Classic looking Jr. Gent, great shape, and a very exciting blank...well done![]


----------



## Rifleman1776 (Nov 11, 2006)

Very excellent. Where did you get the Red Mallee?


----------



## TBone (Nov 11, 2006)

Love the figure in that piece, sharp pen


----------



## Jim15 (Nov 11, 2006)

Beautiful pen, nice work.


----------



## kkwall (Nov 11, 2006)

Very nice pen.[8D] Great work.


----------



## gerryr (Nov 11, 2006)

Very nicely done.


----------



## Goldsbed (Nov 11, 2006)

Thanks for the comments. I got the Red Mallee from someone on eBay. I can't remember which seller, checked my account but it was to long ago. I really like the wood it has some pretty wild figure.


----------



## Rifleman1776 (Nov 12, 2006)

> _Originally posted by Goldsbed_
> <br />Thanks for the comments. I got the Red Mallee from someone on eBay. I can't remember which seller, checked my account but it was to long ago. I really like the wood it has some pretty wild figure.
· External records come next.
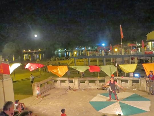 The pretty little town full of very old buildings and 19th century architecture is a pleasant treeful and green place to walk and admire the full moon rising over the river. Even though the town hosts this extravaganza every year, there isn't a commercial atmosphere. One feels safe, as there is lots of security about, but the attitude is kind and hospitable without the drunken rudeness that often accompanies mass festivals and events. The town and the Carnaval are very family friendly.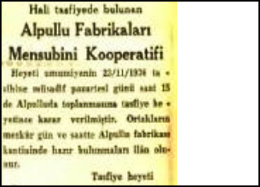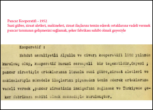 Alpullu'da iki tane kooperatif olmuş: Mensubin Kooperatifi ve Pancar Kooperatifi. O yıllarda sermaye birikiminin yetersiz olması nedeniyle hızlı kalkınmak için "kooperatif" sistemi üzerinde duruluyor. Bu kooperatiflere ait ayrıntılı bilgiler ilgili maddelerde....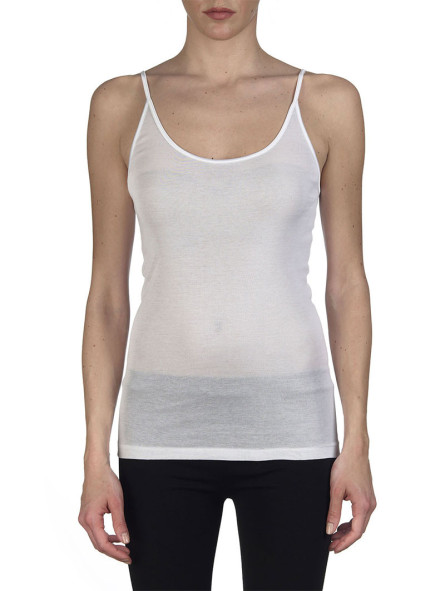Lo scollo è rotondo ed alla moda, il tessuto estremamente morbido e fresco: una canotta passepartout da indossare ogni giorno con qualsiasi outfit, sia con un paio di jeans che con un abito elegante.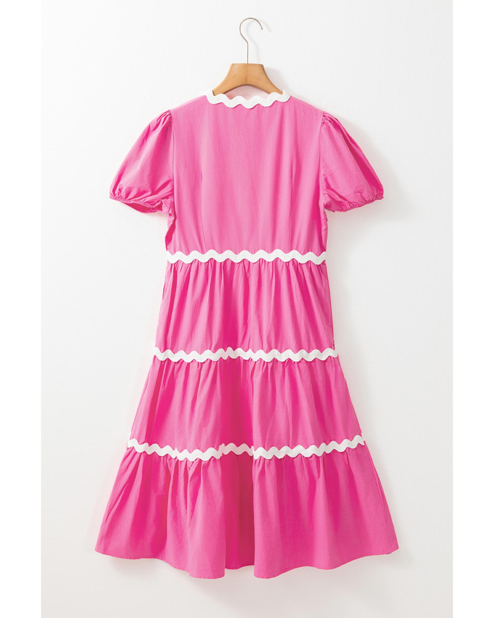 Bonbon Ric Rac Trim Short Puff Sleeve Flowy Midi Dress – L

Thanks. Lee Trees sells it but the way their web site is set up it's hard to search all their big blanks.


----------



## kent4Him (Nov 12, 2006)

Very Nice.  I've had problems with red mallee.


----------



## Glenn McCullough (Nov 12, 2006)

Red mallee is just beautiful and you did it proud!


----------



## mick (Nov 12, 2006)

> _Originally posted by Rifleman1776_
> <br />
> 
> 
> ...



Frank I got some really pretty Red Mallee from a seller on eBay.
Here's the link to his store:

http://stores.ebay.com/The-Rivers-Edge-Exotics

I've gotten some very nice blanks from him in the past. His prices are reasonable and he ships very fast.


----------



## broitblat (Nov 12, 2006)

Beautiful work, and Red Mallee has always been one of my favorite woods.


----------



## NavyDiver (Nov 12, 2006)

Excellent work! Beautiful pen!


----------



## Rifleman1776 (Nov 13, 2006)

> _Originally posted by kent4Him_
> <br />Very Nice.  I've had problems with red mallee.



Please elaborate.


----------



## ctEaglesc (Nov 13, 2006)




----------



## tnhickoryknot (Nov 13, 2006)

Beautiful pen, I love the wood.[]


----------



## Skye (Nov 13, 2006)

Rarely do I not have a nit for a pen. I cant find one for this one. [:0]


----------



## Goldsbed (Nov 13, 2006)

> _Originally posted by mick_
> <br />
> 
> 
> ...


I've ordered pen blanks from the Rivers Edge a few times in the past. Can't say for sure but it's most likely were I got my Red Mallee from.


----------



## GBusardo (Nov 13, 2006)

> _Originally posted by JimGo_
> <br />Very pretty Dave!  Your finish looks great, and the fit looks pretty good, too.  The cap looks like you had some sanding issues (I have this a lot, otherwise I probably wouldn't have noticed) near the bushings, and that can be taken care of pretty easily with some sandpaper.  The only other nit that I see is that the cap seems to be fairly B2B, where the body seems to have a more pronounced curve to it.  In fact, the body looks like, at its widest point, it is almost as wide as the cap at the cap's widest point.  A slightly less pronounced "bulge" on the body would have given the pen a slightly more balanced appearance.  But, I gotta tell ya, I'm stretching to even find THIS to complain about!  Again, very nicely done!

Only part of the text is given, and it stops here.